_Task item_
In the listing below, locate the line that contains "ROXI Bohemian Tiny" and the line that contains "今回は、主役であるはずのミツ". Restate word for word those two lines and every line between them, and nothing else.

_Input data_
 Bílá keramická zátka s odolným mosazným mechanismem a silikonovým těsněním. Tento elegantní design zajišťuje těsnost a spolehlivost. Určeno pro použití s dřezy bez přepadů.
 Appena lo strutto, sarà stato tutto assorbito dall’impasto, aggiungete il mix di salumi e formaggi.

--

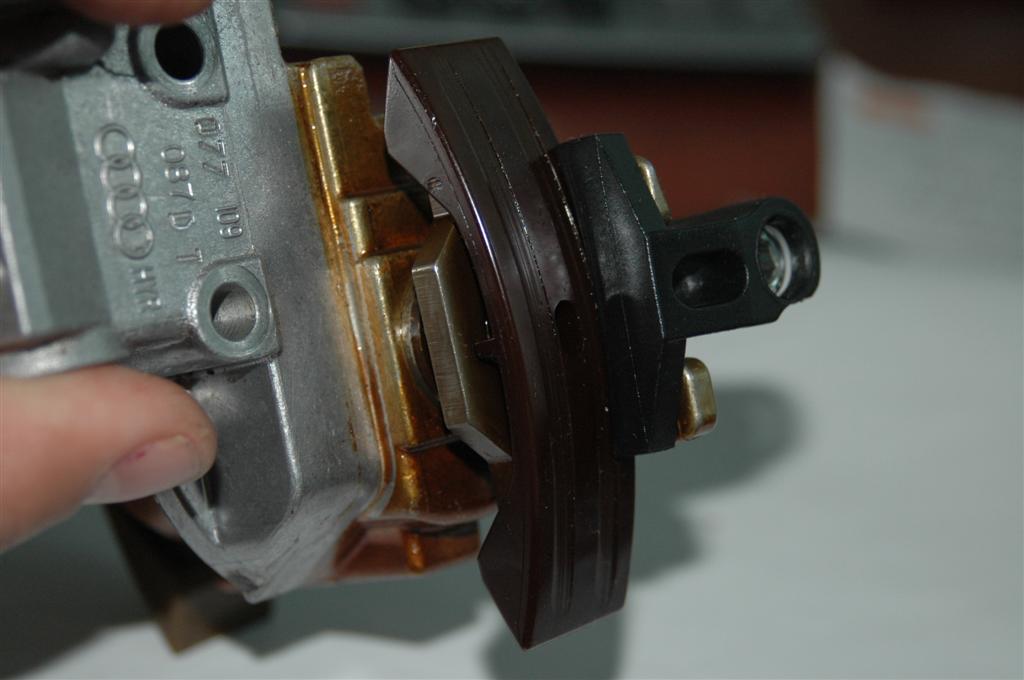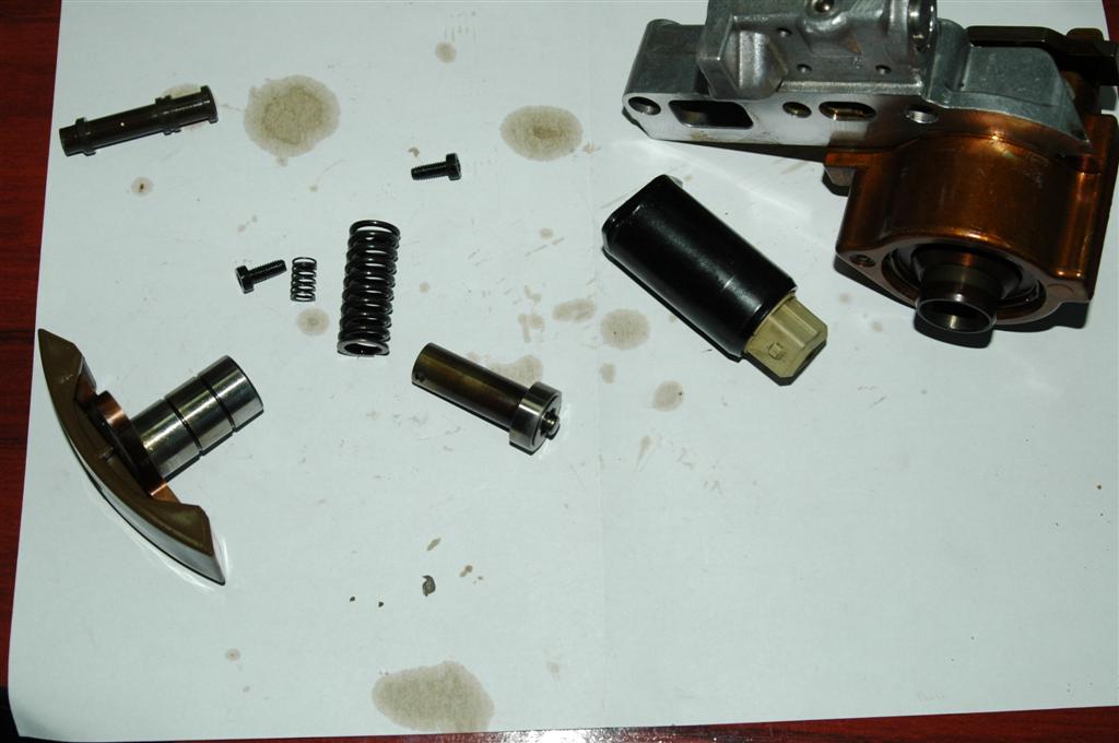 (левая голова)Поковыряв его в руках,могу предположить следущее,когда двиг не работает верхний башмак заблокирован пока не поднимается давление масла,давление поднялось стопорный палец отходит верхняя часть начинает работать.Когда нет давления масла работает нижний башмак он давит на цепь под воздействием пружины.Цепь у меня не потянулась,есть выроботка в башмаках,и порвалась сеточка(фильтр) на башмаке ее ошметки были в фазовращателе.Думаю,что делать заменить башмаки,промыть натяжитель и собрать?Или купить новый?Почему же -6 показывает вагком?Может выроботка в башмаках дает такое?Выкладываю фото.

...

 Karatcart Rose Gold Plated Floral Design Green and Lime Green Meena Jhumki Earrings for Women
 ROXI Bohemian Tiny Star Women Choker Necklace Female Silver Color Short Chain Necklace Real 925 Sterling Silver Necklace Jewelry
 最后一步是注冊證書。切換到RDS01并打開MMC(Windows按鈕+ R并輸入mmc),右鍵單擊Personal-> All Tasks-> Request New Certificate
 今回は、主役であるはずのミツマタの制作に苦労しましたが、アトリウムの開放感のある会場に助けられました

_Reply to the task_
 ROXI Bohemian Tiny Star Women Choker Necklace Female Silver Color Short Chain Necklace Real 925 Sterling Silver Necklace Jewelry
 最后一步是注冊證書。切換到RDS01并打開MMC(Windows按鈕+ R并輸入mmc),右鍵單擊Personal-> All Tasks-> Request New Certificate
 今回は、主役であるはずのミツマタの制作に苦労しましたが、アトリウムの開放感のある会場に助けられました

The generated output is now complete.